(145a) Prediction of EHS Properties Using T.E.S.T | AIChE

(145a) Prediction of EHS Properties Using T.E.S.T


Martin, T. - Presenter, National Risk Management Research Laboratory, US EPA
Young, D. - Presenter, National Risk Management Research Laboratory, US EPA

The US EPA has developed tools (such as the WAste Reduction Algorithm) which aid in the development of sustainable chemical process designs. In order to utilize these tools one must be able to characterize chemicals in terms of their EHS (environmental health and safety) properties.

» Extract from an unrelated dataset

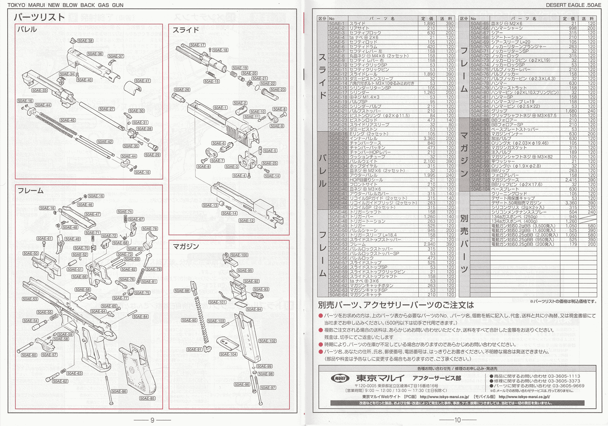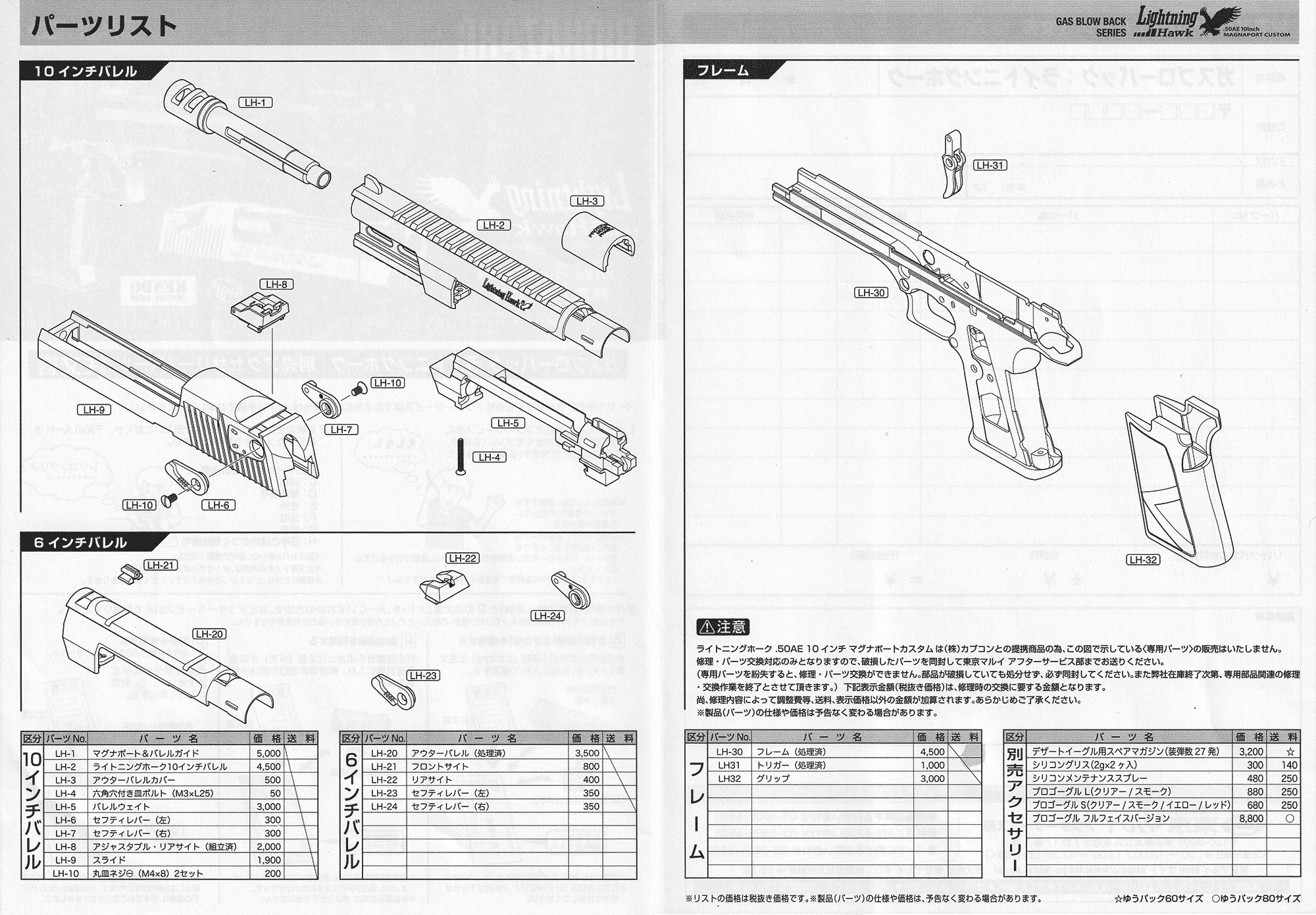 パッケージ内容は、本体(10インチバレルスライド付き)、6インチバレルスライド、マガジン(装弾数27発)、弾薬箱、保護キャップ、取扱い注意・説明書、解説書、補足説明書、クリーニングロッド、他。

Since experimental values are not available for all industrially relevant chemicals, one needs to be able to estimate these properties using in silico based methods.  T.E.S.T. (Toxicity Estimation Software Tool) was developed to allow users to easily estimate toxicity values using quantitative structure activity relationship (QSAR) models.  The hierarchical clustering QSAR methodology was selected because it can develop models for large, diverse datasets.  This methodology utilizes Ward’s method to divide a training set into a series of structurally similar clusters.  The structural similarity is defined in terms of about 800 2-D physicochemical descriptors (such as connectivity and E-state indices).  A genetic algorithm based technique is used to generate statistically valid QSAR models for each cluster.  The toxicity for a given query compound is estimated using the weighted average of several different cluster models (assuming that the compound is within the domain of applicability of the cluster model).  T.E.S.T. can estimate toxicity values for a variety of toxicity endpoints including acute aquatic toxicity, acute mammalian toxicity, fish bioaccumulation factor, developmental toxicity, and mutagenicity.  TEST can also estimate physical properties including normal boiling point, density, water solubility, and thermal conductivity. These properties are important for green solvent design.  The predictive ability for each endpoint was validated using an external validation set.